◆ **Task requirements**
Below is a listing; print exactly its lines from the one containing "心愿自选,拒绝歪卡~无论是恶" down to the one containing "پمپ لجنکش بدنه", both inclusive, with every picture left out.

◆ **Source records**
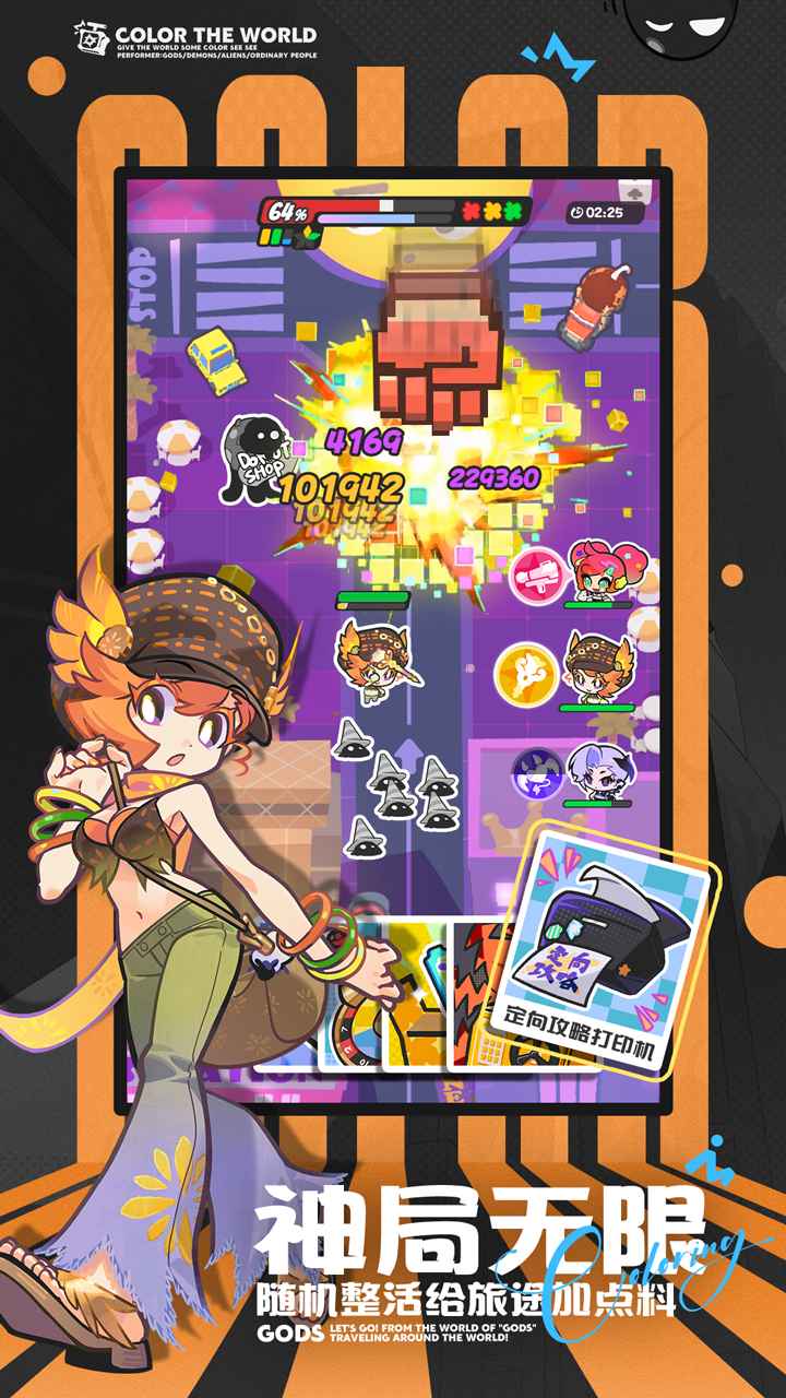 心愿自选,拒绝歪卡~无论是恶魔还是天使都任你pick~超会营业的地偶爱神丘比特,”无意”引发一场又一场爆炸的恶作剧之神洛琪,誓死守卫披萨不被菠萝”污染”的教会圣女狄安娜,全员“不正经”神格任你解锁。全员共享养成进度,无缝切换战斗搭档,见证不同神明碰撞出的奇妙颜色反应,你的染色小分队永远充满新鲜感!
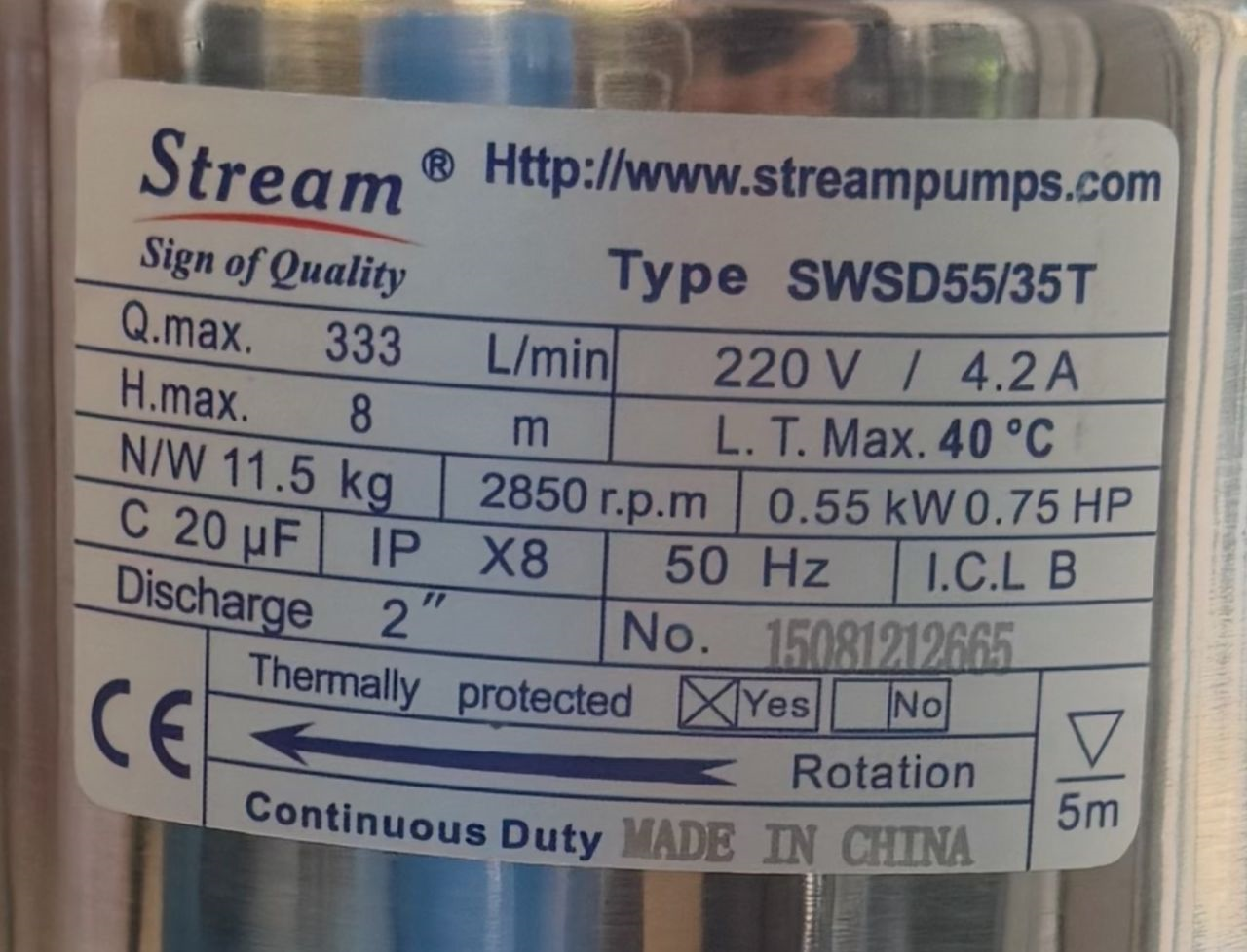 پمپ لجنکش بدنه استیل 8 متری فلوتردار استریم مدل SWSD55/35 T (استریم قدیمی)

==

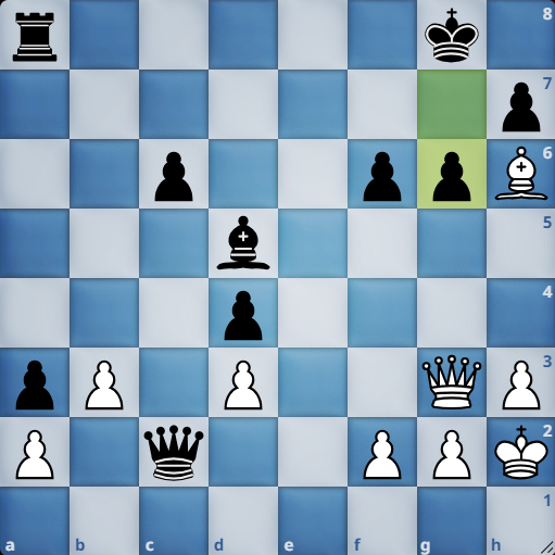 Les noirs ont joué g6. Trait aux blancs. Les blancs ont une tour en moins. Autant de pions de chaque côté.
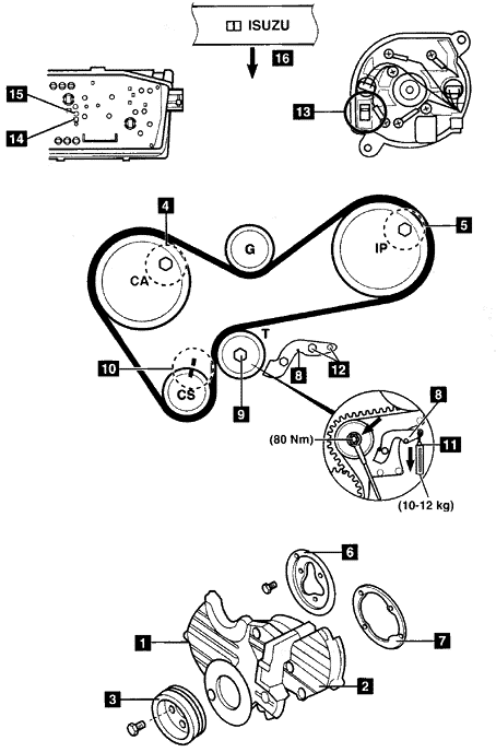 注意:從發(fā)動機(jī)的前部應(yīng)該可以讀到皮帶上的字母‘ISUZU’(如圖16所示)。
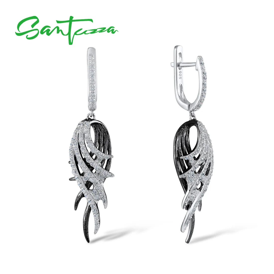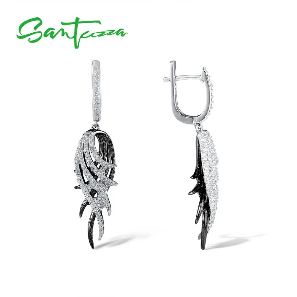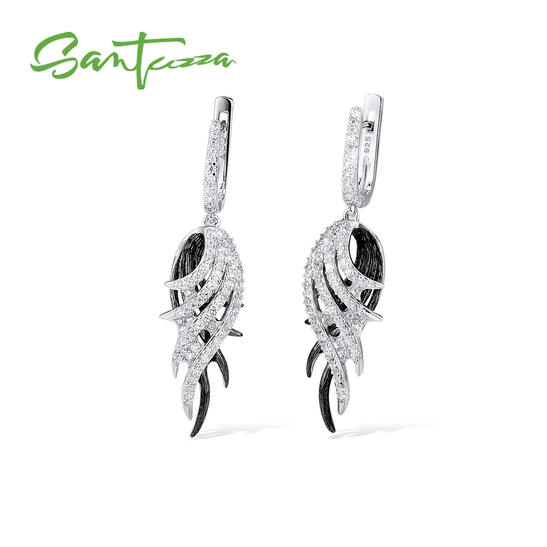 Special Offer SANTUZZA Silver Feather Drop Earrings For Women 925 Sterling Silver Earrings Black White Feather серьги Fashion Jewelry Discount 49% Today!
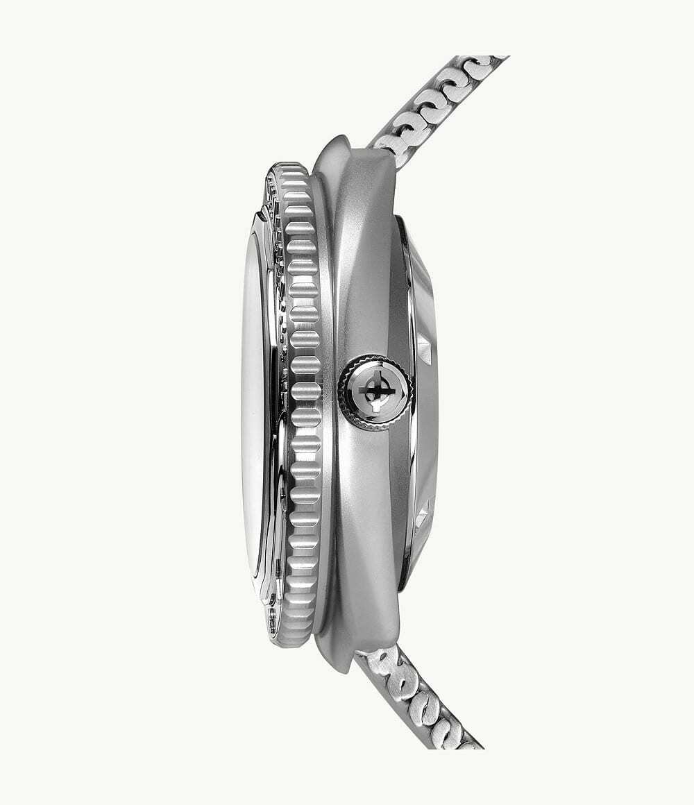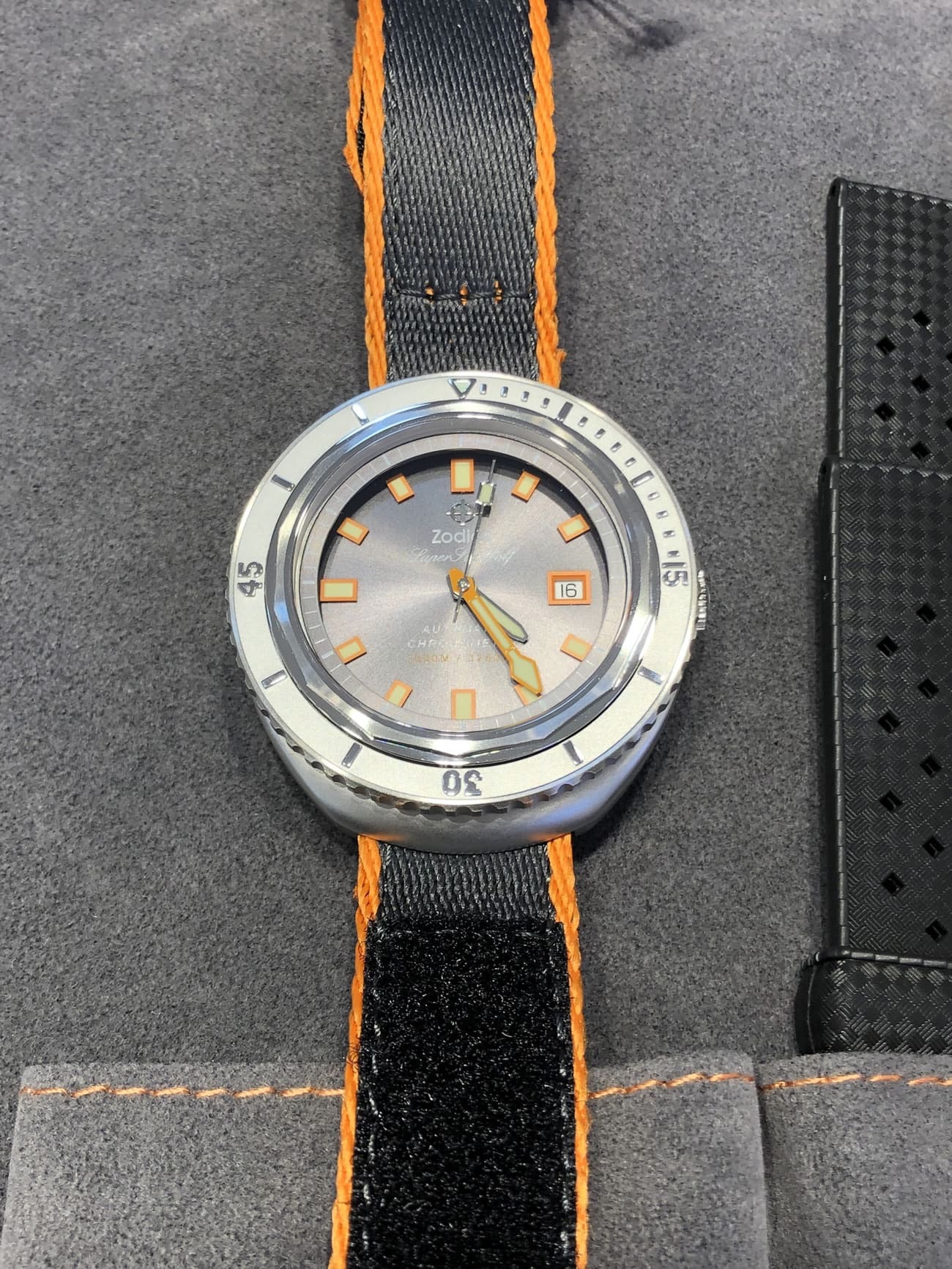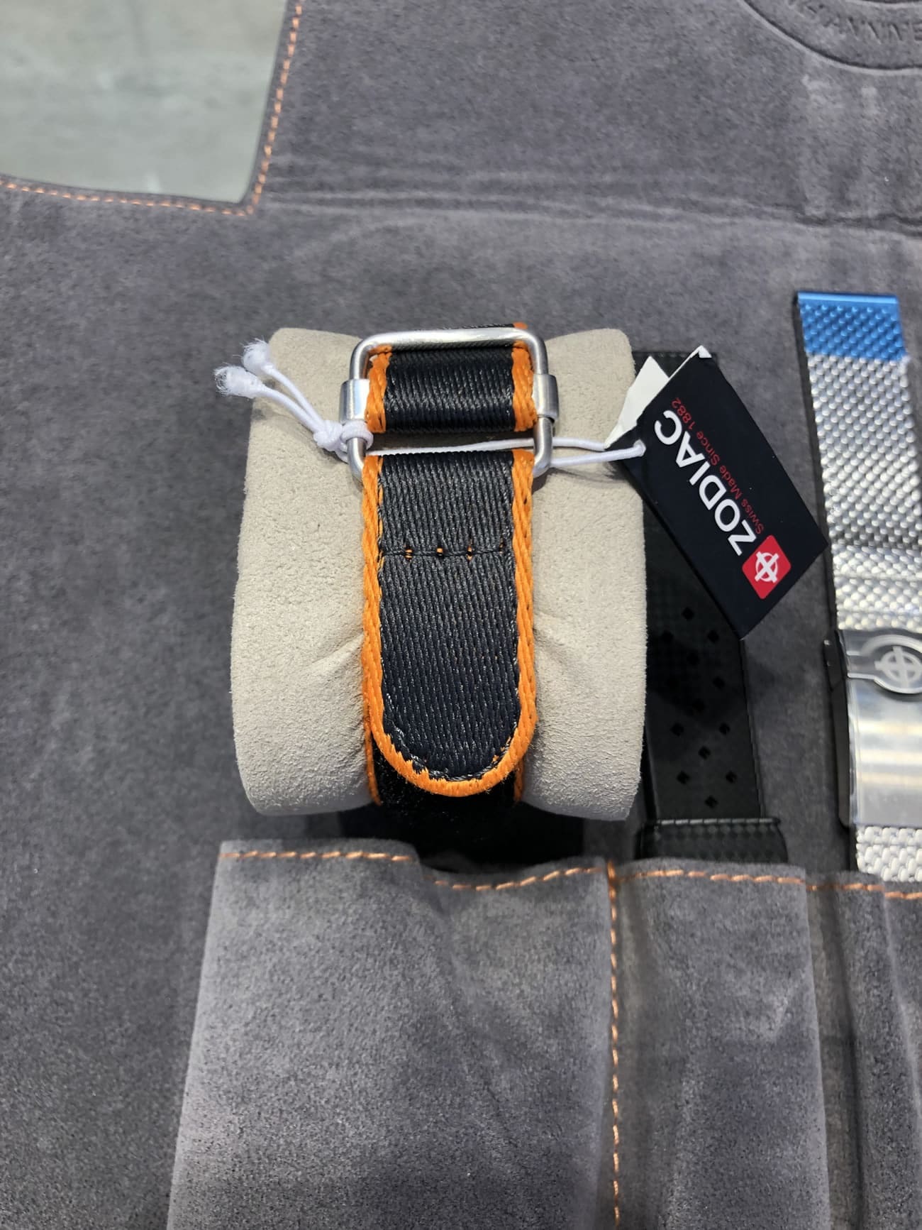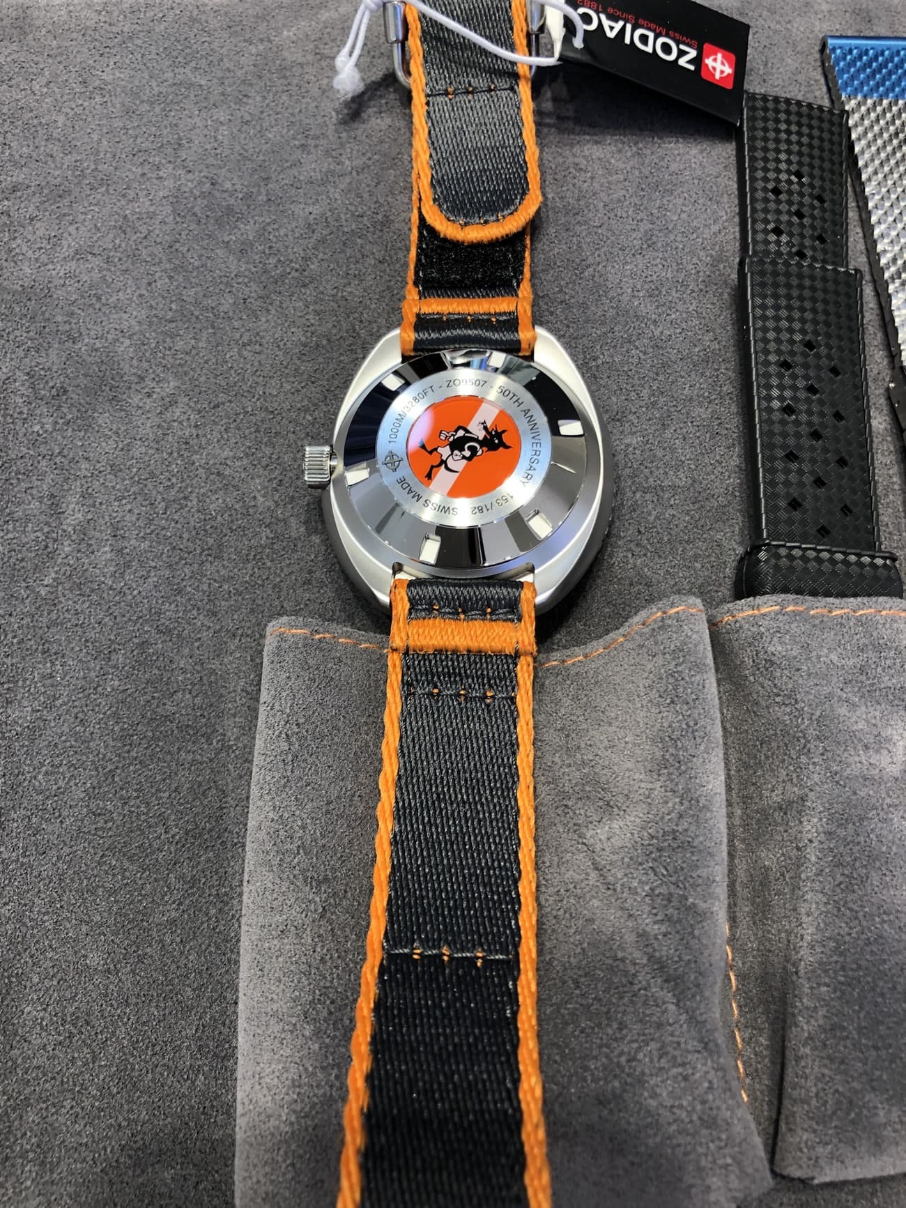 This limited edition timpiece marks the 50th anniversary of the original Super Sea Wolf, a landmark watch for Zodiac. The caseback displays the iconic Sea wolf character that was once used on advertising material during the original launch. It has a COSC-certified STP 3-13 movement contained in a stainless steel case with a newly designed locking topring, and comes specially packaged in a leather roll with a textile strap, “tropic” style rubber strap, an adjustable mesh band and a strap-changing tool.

◆ **Worked solution**
 心愿自选,拒绝歪卡~无论是恶魔还是天使都任你pick~超会营业的地偶爱神丘比特,”无意”引发一场又一场爆炸的恶作剧之神洛琪,誓死守卫披萨不被菠萝”污染”的教会圣女狄安娜,全员“不正经”神格任你解锁。全员共享养成进度,无缝切换战斗搭档,见证不同神明碰撞出的奇妙颜色反应,你的染色小分队永远充满新鲜感!
 پمپ لجنکش بدنه استیل 8 متری فلوتردار استریم مدل SWSD55/35 T (استریم قدیمی)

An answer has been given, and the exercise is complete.